Monday, August 22, 2011

Huachuca Canyon with WFO

Our immersion in Huachuca Canyon, emerald-green and moist in this monsoon season, was a balm. One of the morning field trips at the Western Field Ornithologists' annual meeting explored this beautiful canyon, which is less often visited than neighboring Garden and Sawmill Canyons. Tony Battiste and Adam Searcy ably led the group.

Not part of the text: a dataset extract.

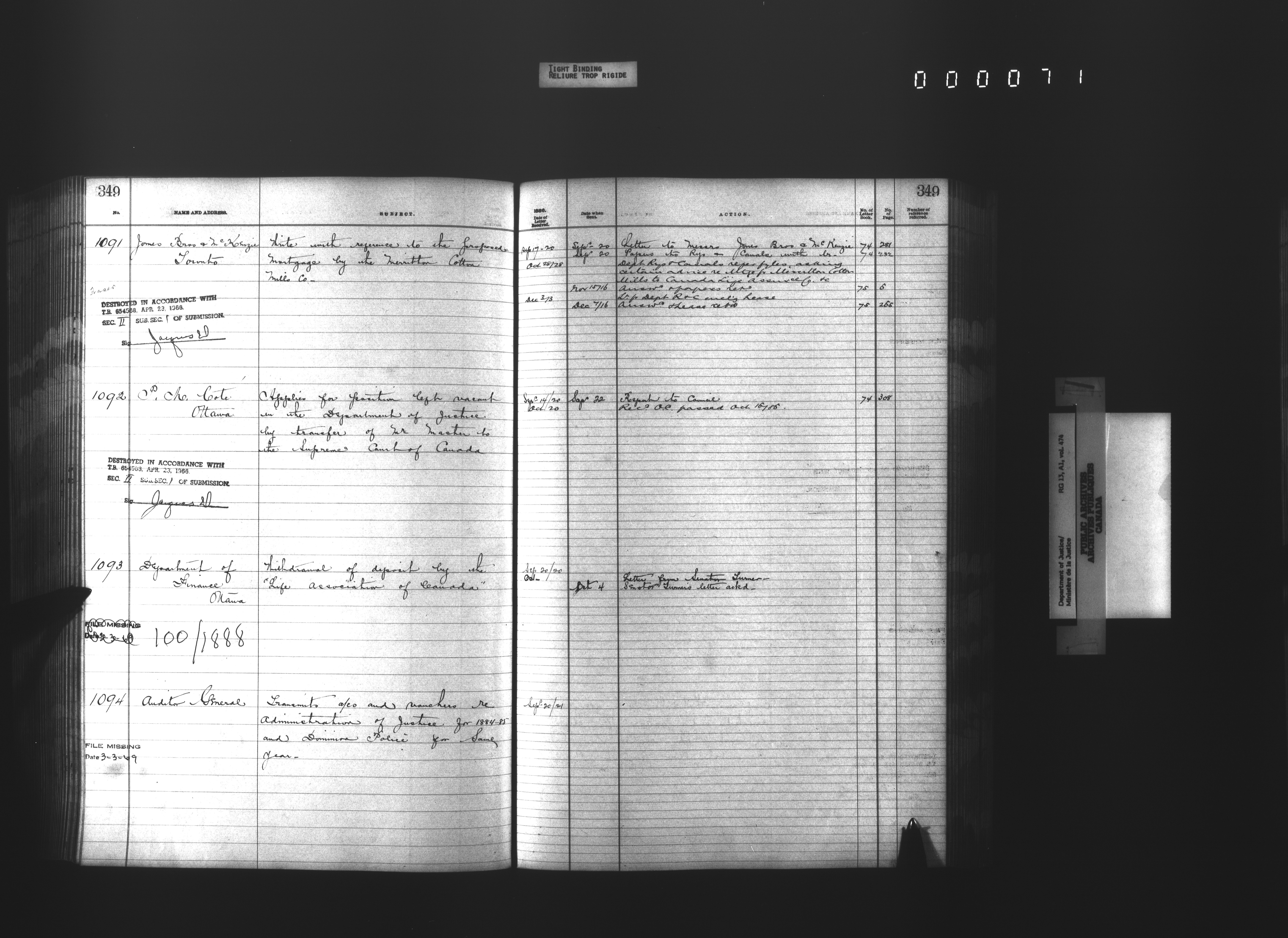 Department of Justice, Central Registry : Indexes and registers - 4335

At the mouth of Huachuca Canyon in the Huachuca Mountains
(All photos by Narca)

Some of the out-of-state folks had never seen an Elegant Trogon, so that species was a big highlight, as were a couple of juvenile Gray Hawks begging frequently and chasing after harried parents.

Immature Gray Hawk in Huachuca Canyon

Mary Gustafson pointed out a field mark on the young Gray Hawk that I hadn't been aware of: look at the tail bands. Those bands become increasingly thicker toward the end of the tail. This mark, Mary says, is reliable for separating young Grays from young Broad-wings.

Elegant Trogon male in Huachuca Canyon

A charming Canyon Tree Frog swam across the stream where it crossed the road. I don't see this amphibian very often. Its eyelids gleamed with glints of gold and copper.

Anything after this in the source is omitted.